I had arrived at camp, which was not anything like any camp I had been to. Besides the dirt, the heat, the streets teaming with kids, there was an electricity in the air. All week long, everywhere I turned, I heard The Name. His name. The story, the message, the hope. Jesus.
On a Thursday night after the worship service in the wooden, open-air tabernacle, my heart came alive. I understood my sin; called it what it was. I wanted – no – I needed salvation. I needed Him to love me for me. I needed a hope and a future. So there I stood, quite literally, backed up against a wall. Heads all bowed, someone quietly singing Amazing Grace . . . I sighed audibly and in my heart and prayed, asking Jesus to forgive me, to come into my life and my heart, vowing to follow Him all of my days.
My eyes snapped open. I could feel my heart thrumming in my chest. It would all be different now . . . and it was. As the devotional time ended and the group filed out and up to the dormitories, I stopped and took my pastor’s hand, simply blurting out, “I want to be baptized tomorrow.” His face registered a mixture of surprise, confusion and joy. “Have you accepted Christ as your Savior?” he asked tentatively. I grinned. “Yes. Just now!” I exclaimed. He smiled broadly. I knew he could see it in my eyes. He hugged me saying, “Tomorrow morning then!” I went to bed, for maybe the first time in many years, with peace.

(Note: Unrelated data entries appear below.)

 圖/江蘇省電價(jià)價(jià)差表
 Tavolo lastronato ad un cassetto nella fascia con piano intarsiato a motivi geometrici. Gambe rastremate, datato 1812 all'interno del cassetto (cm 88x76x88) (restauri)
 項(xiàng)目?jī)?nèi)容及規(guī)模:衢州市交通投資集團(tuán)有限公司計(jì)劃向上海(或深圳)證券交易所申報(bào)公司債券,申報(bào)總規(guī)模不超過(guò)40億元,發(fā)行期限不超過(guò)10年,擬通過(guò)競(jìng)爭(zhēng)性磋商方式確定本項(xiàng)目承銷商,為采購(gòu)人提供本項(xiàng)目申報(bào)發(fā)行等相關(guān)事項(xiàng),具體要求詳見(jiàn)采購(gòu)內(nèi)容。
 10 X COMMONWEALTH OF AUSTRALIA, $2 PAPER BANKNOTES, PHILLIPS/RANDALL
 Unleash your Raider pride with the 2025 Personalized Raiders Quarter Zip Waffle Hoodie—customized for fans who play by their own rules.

The next morning was beautiful and cool. The dust on the ground dappled with the shadows of early summer leaves shimmering in the breeze. I dressed in my favorite jeans and a long flowered blouse for my baptism. After breakfast we headed down to the creek, its clear, cold water tumbling rapidly over mossy rocks. My pastor waded carefully out into the middle of a shallow section and began to call us who were to be baptized one by one. At last, I heard my name and leaped up to make my way to the middle where my pastor gripped my arms to hold me up against the current. I gasped; the water was cold but exhilarating. I looked up and around at the faces of the kids I had come to camp with, these kids I had struggled with to be accepted, and I saw that we were all one in the same, sinners needing grace.

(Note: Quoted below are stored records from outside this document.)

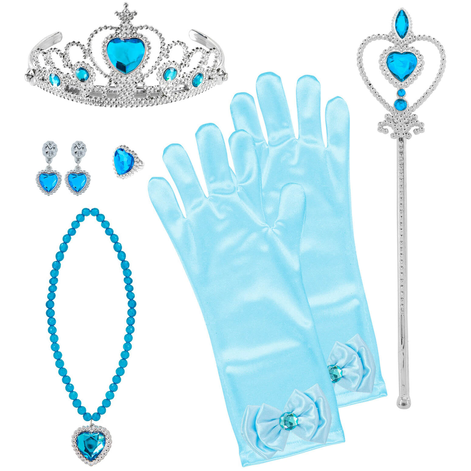 Prinzessin Edeldame Schmuck Set+Handschuhe+Krone+Zepter mit Halsketten+Ohrringen+Ring Diadem silber blau
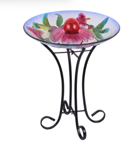 Garden Ornament, Bird bath with stand Orb Floral Glass Hummingbird, solar illuminated
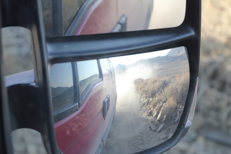 Plus de route, on a droit à une piste de tôle ondulée bien poussiéreuse. Mais bon, on ne se plaint pas. Elle est encore ouverte et le paysage est superbe.
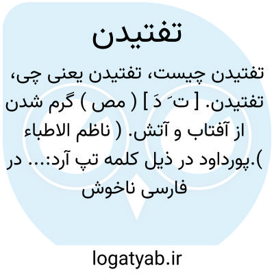 تفتیدن. [ ت َ دَ ] ( مص ) گرم شدن از آفتاب و آتش. ( ناظم الاطباء ).پورداود در ذیل کلمه تپ آرد:... در فارسی ناخوشی تب و... تافته و تفسیدن و تفتیدن و جز اینها از همین بنیاد است. ( فرهنگ ایران باستان ص 90 ). رجوع به تابه و تابش و تاب و تب و تفت و تفته و تفسیدن و تافته شود.
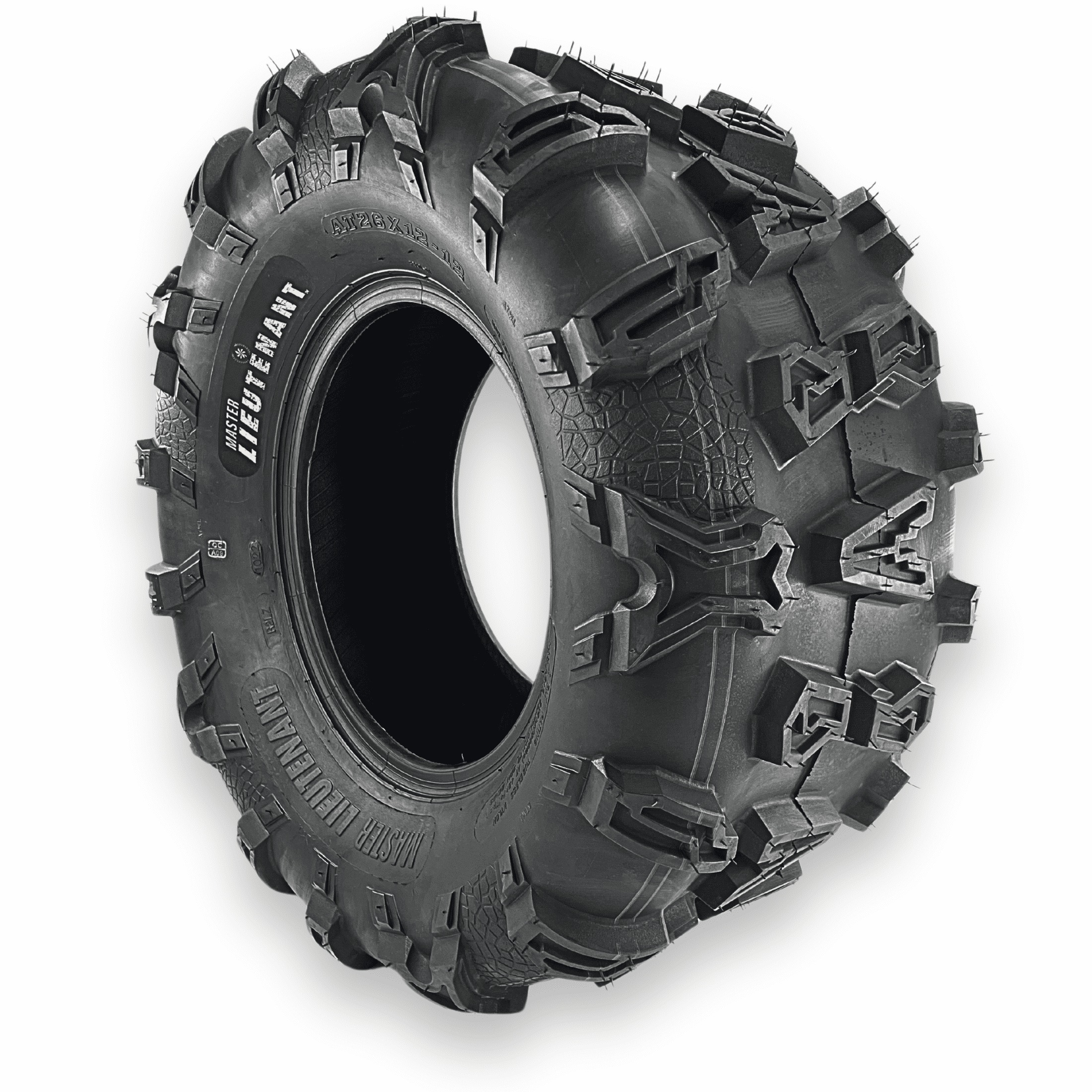 Master Lieutenant FEATURES AND BENEFITS Upgraded load durability Mud terrain traction Enhanced controllability OVERVIEW The Master Lieutenant is a mud terrain, all season tire manufactured for ATVs and UTVs. This model was designed with lightweight construction, which optimizes the tire’s performance. This structure features bias plies, which are designed for exceptional load durability and driving stability. Bias-ply tires are created for heavy-duty applications, as they prevent the tire from deforming under pressure. As a result, the structure significantly boosts the tire’s load-handling capability. The tread design features staggered blocks arranged in a zigzag pattern from one shoulder to the other. They work with the void ratio in order to upgrade the tire’s off-road terrain traction. In this manner, the tire manages to increase soft, loose, and uneven terrain performance, providing the necessary number of biting edges to grip the surface. The void ratio avoids stone retention and keeps the footprint clean. This is due to these elements not being able to pack between the tread blocks, which further boosts the off-road terrain driving safety. The Master Lieutenant also uses its directional tread design to upgrade its controllability. As a result, the tire manages to boost its steering responsiveness and driving stability. Therefore, the consistent surface contact provides a quick and precise steering response, while the structure is secured against the driving pressure. This allows the driver to securely control the vehicle on versatile terrain surfaces. This tire has a BIASED ply structure. When it comes to ATV tires, there might be slight visual differences between brands and models even if the tires are of the same size. NOT FOR HIGHWAY USE: This tire model is not DOT-approved for highway use. Manufacturers recommend changing tires every 10 years. As long as tires are properly stored before they are sold, the year of their manufacture will not shorten their service life.
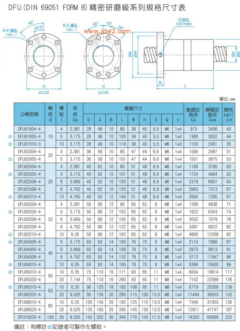 该系列丝杆的特点:1、内部循环的设计,可以节省使用的空间;2、驱动扭矩小,为滑动丝杆的1/3;3、高精度保证;4、能微量的进给,可以控制在0.1微米之内;5、无间隙,高刚性。
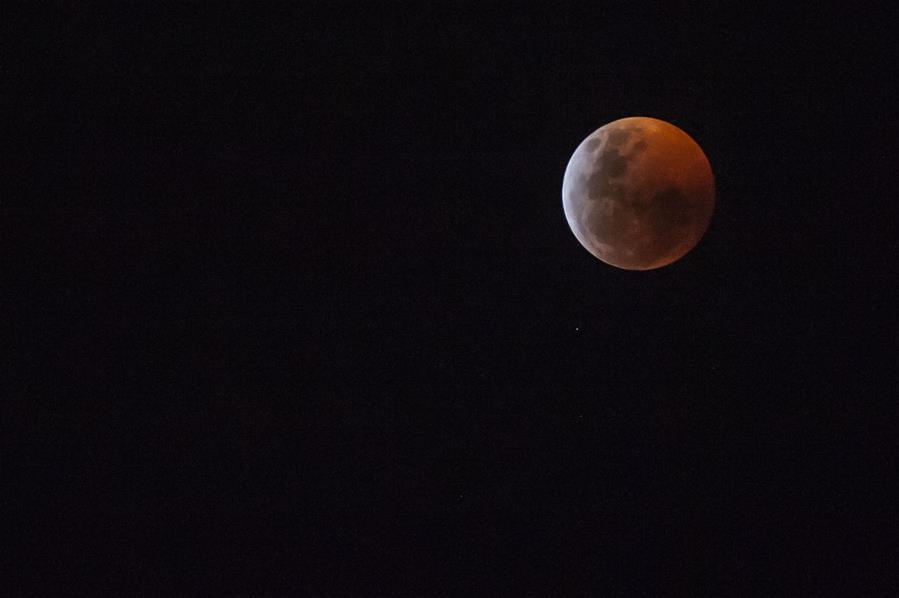 (CIUDAD DE MEXICO, enero 21, 2019 (Xinhua) -- Imagen del 20 de enero de 2019 de la luna durante el eclipse total de Luna también llamado "Luna de Sangre" en la Ciudad de México, capital de México. (Xinhua/César Vicu?a)
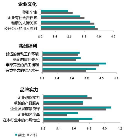 而又因为研究生在教育上的投入要高于本科生,所以研究生对自己在人才市场上的定位也更高,期待与投入和地位相符合的待遇和发展前景,尤其对于收入水平和福利状况有着很高的要求,注重可量化的待遇形式和发展机会。

Then, in the name of the Father, the Son and the Holy Ghost my pastor dipped me back, and I slipped under the rush of cool water and bursting up and out into the warm air . . . new. New! I grinned like a fool and sloshed my way to the bank where my group clapped and cheered and a towel awaited. I shivered there in the morning sunlight knowing that I would never be the same again.
I thought of all this today as I joined in celebrating the baptisms of new believers at my church. My own was such a long time ago, more than fifteen years now, and still so fresh in my mind. I am so thankful for this gift He gave, for the joy of salvation and for the beauty of obedience in baptism.